- Forty-three percent veterans who requested appointments within the Veterans Affairs health system failed to receive the care they asked for, according to testimony from Government Affairs Office (GAO) Director of Healthcare Debra A. Draper. Fewer than 20% of the 150 consults reviewed by the office were conducted within 90 days, while 40% of physical therapy patients waited up to 152 days without “any apparent action” to schedule an appointment. The findings add to a troubling dossier of evidence suggesting deeply rooted problems in the way the VA system provides access to care despite its advanced electronic scheduling system and highly-regarded EHR.
Following an Office of the Inspector General (OIG) report identifying 1700 veterans who were left off the VA’s official electronic wait list at the Phoenix VA medical center and the results of an internal audit pinning the number of ignored or improperly allocated patients at 120,000 system-wide, Draper’s testimony to the House of Representatives’ Committee on Veterans Affairs delves deeper into the delays and abuses of the VA’s scheduling system that has outraged lawmakers and made several prominent heads roll.
The VA’s regulations require that all consult requests be reviewed within seven days of receipt and fully completed within 90 days. However, Draper says, due to a lack of standardized processes among VA facilities, officials “could not accurately determine whether patients actually received the care they needed, or if they received the care in a timely fashion. According to VHA officials, approximately 2 million consults (both clinical and administrative consults) were unresolved for more than 90 days.” Of the 150 consults reviewed for the GAO’s report, 21% were not initially reviewed within the first seven days of the request, she adds.
The report also reveals that poor coordination with non-VA healthcare providers led to the death of at least one patient who failed to receive necessary cardiac surgery following several delays, lost information, and appointments canceled by the VA. At one facility, Draper notes, eighteen patient appointments were canceled without clinical review on the same day that a task for addressing unresolved consults was due.

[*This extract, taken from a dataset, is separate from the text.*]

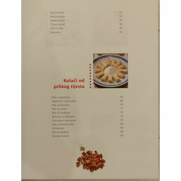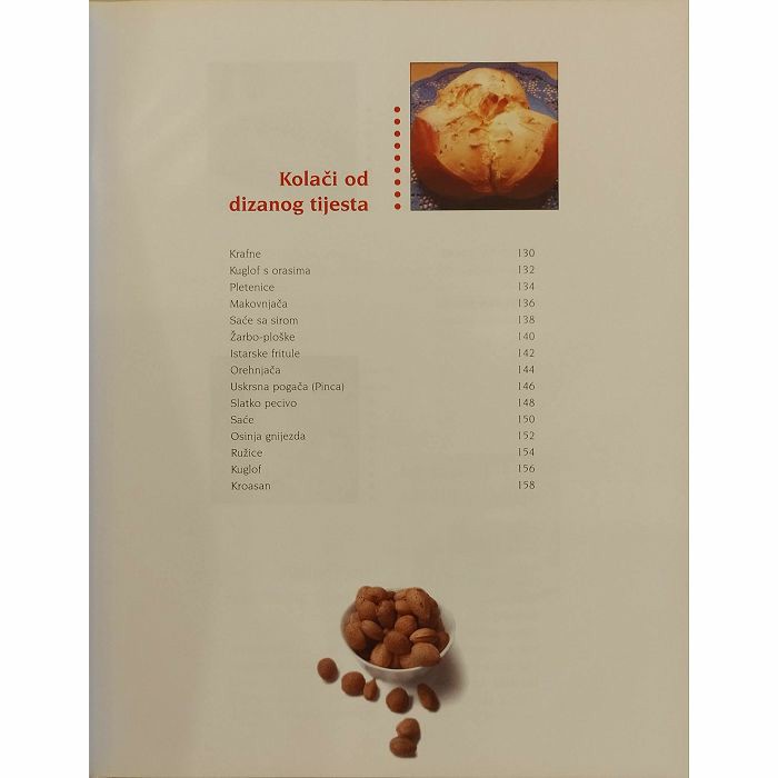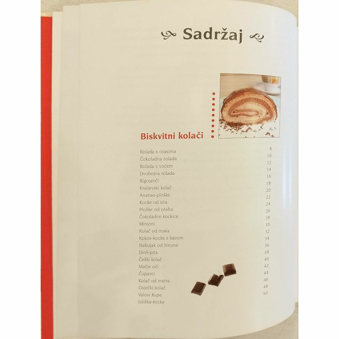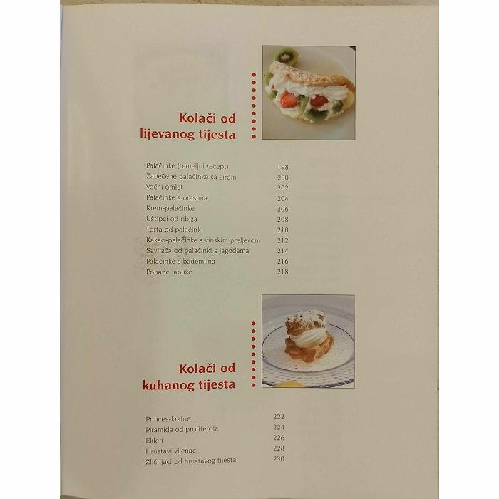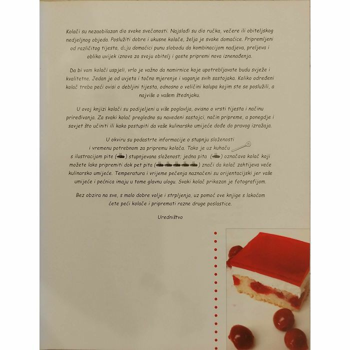 U ovoj knjizi kolači su podijeljeni u više poglavlja, ovisno o vrsti tijesta i načinu priređivanja. Za svaki kolač pregledno su navedeni sastojci, način pripreme, a ponegdje i savjet što učiniti ili kako postupiti da vaše kulinarsko umijeće dođe do pravog izražaja.

GAO determined that the VA did not adhere to its own business rules, limiting the usefulness of the system’s data in determining the true extent of wrongdoing throughout the VA’s healthcare facilities. “Ultimately, the lack of independent verification and documentation of how VA Medical Centers addressed these unresolved consults may have resulted in VHA consult data that inaccurately reflected whether patients received the care needed or received it in a timely manner,” Draper writes.
The report recommends that the VA take action to standardize its data reporting systems and consistently implement wait time procedures that accurately reflect the administration of patient care. The VA should also conduct routine internal reviews to ensure that staff members are adhering to regulations.
“It is important that VA assess the extent to which these actions are achieving improvements in medical appointment wait times and scheduling oversight as intended,” Draper concludes. “Ultimately, VHA’s ability to ensure and accurately monitor access to timely medical appointments is critical to ensuring quality health care to veterans, who may have medical conditions that worsen if access is delayed.”